Buna günümüz için en net örnek gruplar, genç kuşağın bir kısmı ile birlikte, bilim putuna tapan akademisyenler, şirketlerin ve sistemin sözcülüğünü yapan doktorlar ve egosantrik amel ve okumaların sonucunda küfre sebep olan bir kısım İlahiyatçılar, kibrin tutsağı gazeteci, yazarlar ve birde israf, lüks düşkünü esnaf ve para sahipleri… Bunlar her geçen gün bizlere daha fazla ibretlik örnekler veriyorlar. Allah muhafaza.

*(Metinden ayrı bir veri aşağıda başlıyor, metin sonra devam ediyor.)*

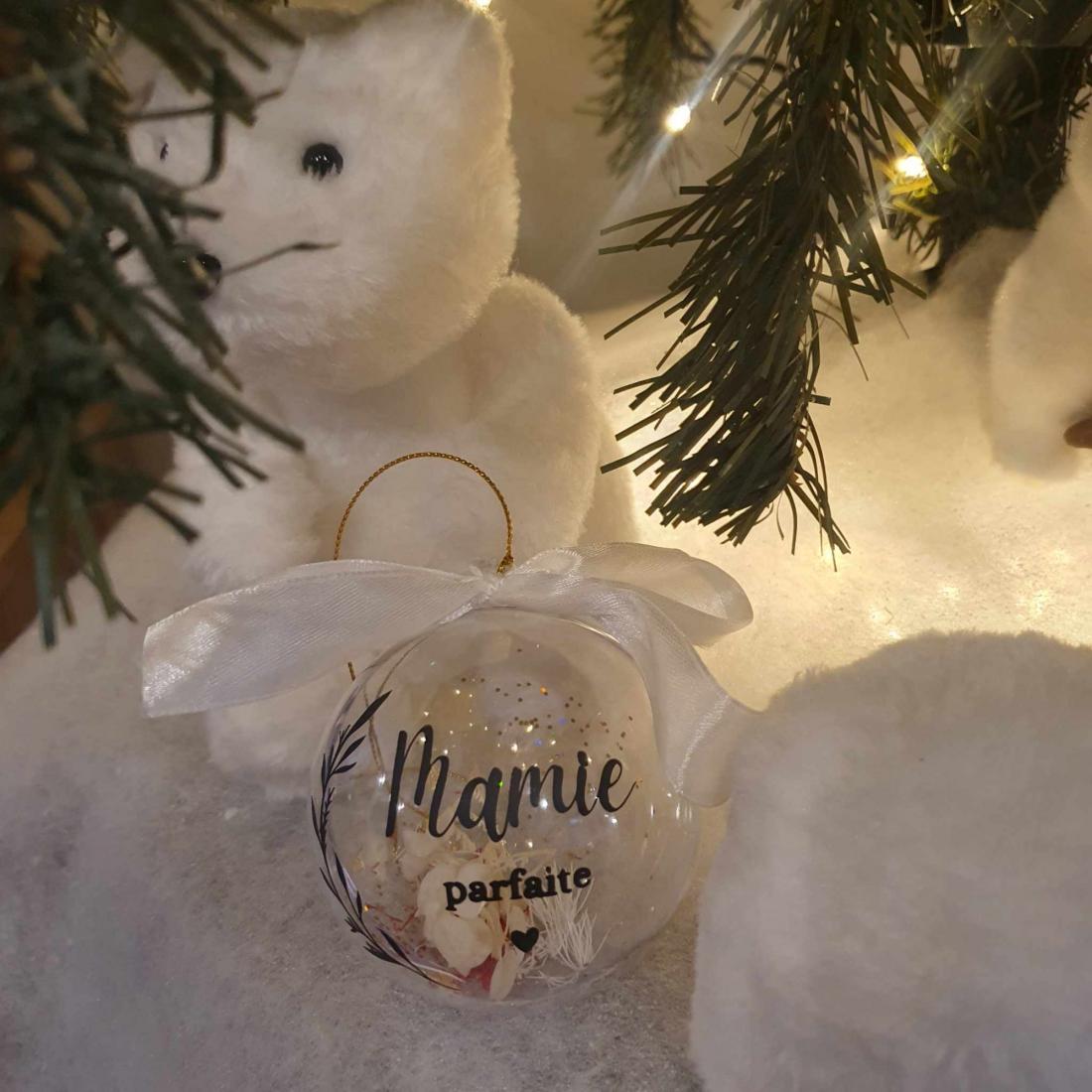 Cette boule de Noël personnalisée, avec l'inscription en vinyle permanent "Mamie parfaite", est une attention pleine de tendresse pour célébrer la grand-mère qui illumine vos fêtes. À l'intérieur, des morceaux de feuilles d'or scintillantes et de délicates fleurs séchées ajoutent une touche raffinée et précieuse. Suspendue au sapin, cette décoration festive devient un symbole d'amour et de gratitude, idéal pour rappeler à Mamie combien elle est spéciale. Un souvenir unique à chérir chaque Noël.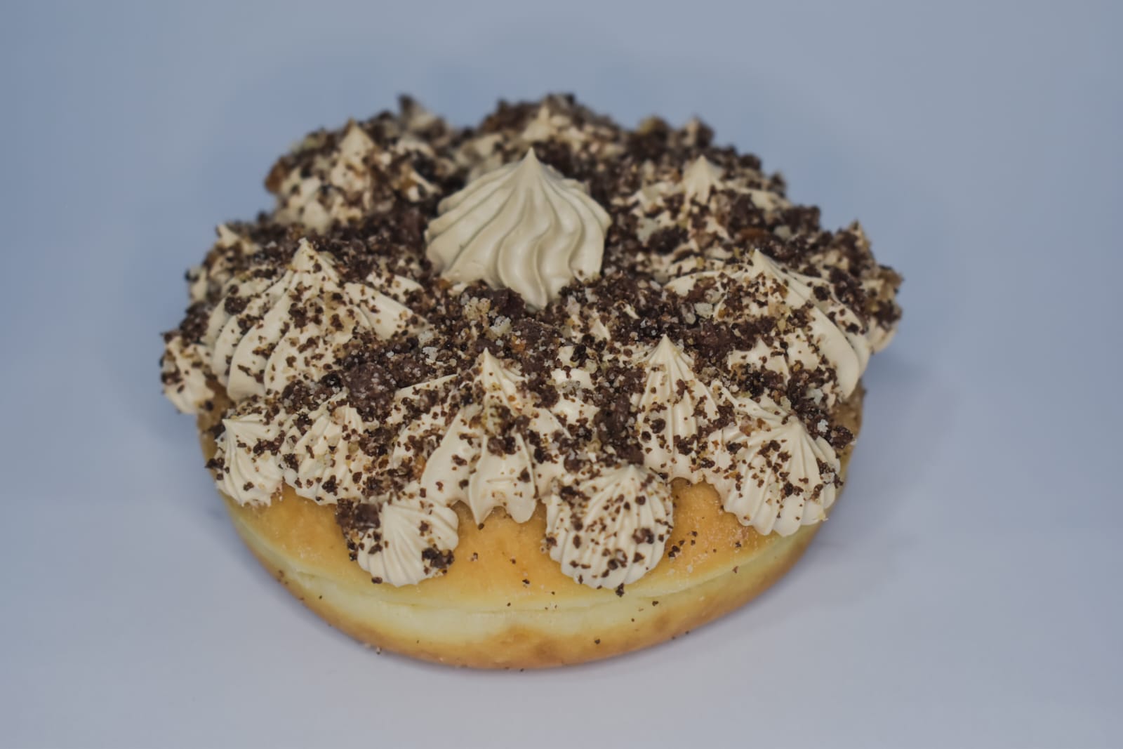 1 deliciosa Dona de moka, con chantilli y café acompañada con bolitas de chocolae

Yıllar evvel bir entelektüel ortamda şöyle bir ifade kullanılmıştı:

‘‘Herhangi bir camianın içinde farklı düşünceyi aşılamaya çalışan ilahiyatçılar, liberaller, seküler veya farklı bir akımın yazarları çokça yazmaya, konuşmaya başlarsa, bir süre sonra tabanda fikri kaymaların olacağını görmekten kendinizi kurtaramazsınız. Çünkü temel fikri düşünce çoğunlukta sağlam değil…’’

Bu cümle söylendiği zaman pek ciddiye almamıştım. Ancak, dünyadaki son tablo bu gerçeğin daimi ve daha fazlası olduğunu bizlere gösterdi. Hatta öyle bir hale geldi ki, mümin dediğimiz topluluklar içinde bile itikadi bozukluklar, iftiralar, yaftalamalar, delilsiz konuşmalar, yalanlar ve yalanları doğrulamak için küfürde ısrar etmeler günlük birer ameliye haline geldi.

Bildiğiniz üzere zihnin gerçek amacı marifetullahtır. Yani Allahı tanıma ve bilme halidir. Bir anlamda Allah'ın bilgisine dayalı doğru bilgi ve anlayışı elde etmek zihnin ana hedefi olmak zorundadır. Gün içinde bu hedef yok ise, o gün çöpe düşmüş bir pislikten ibarettir.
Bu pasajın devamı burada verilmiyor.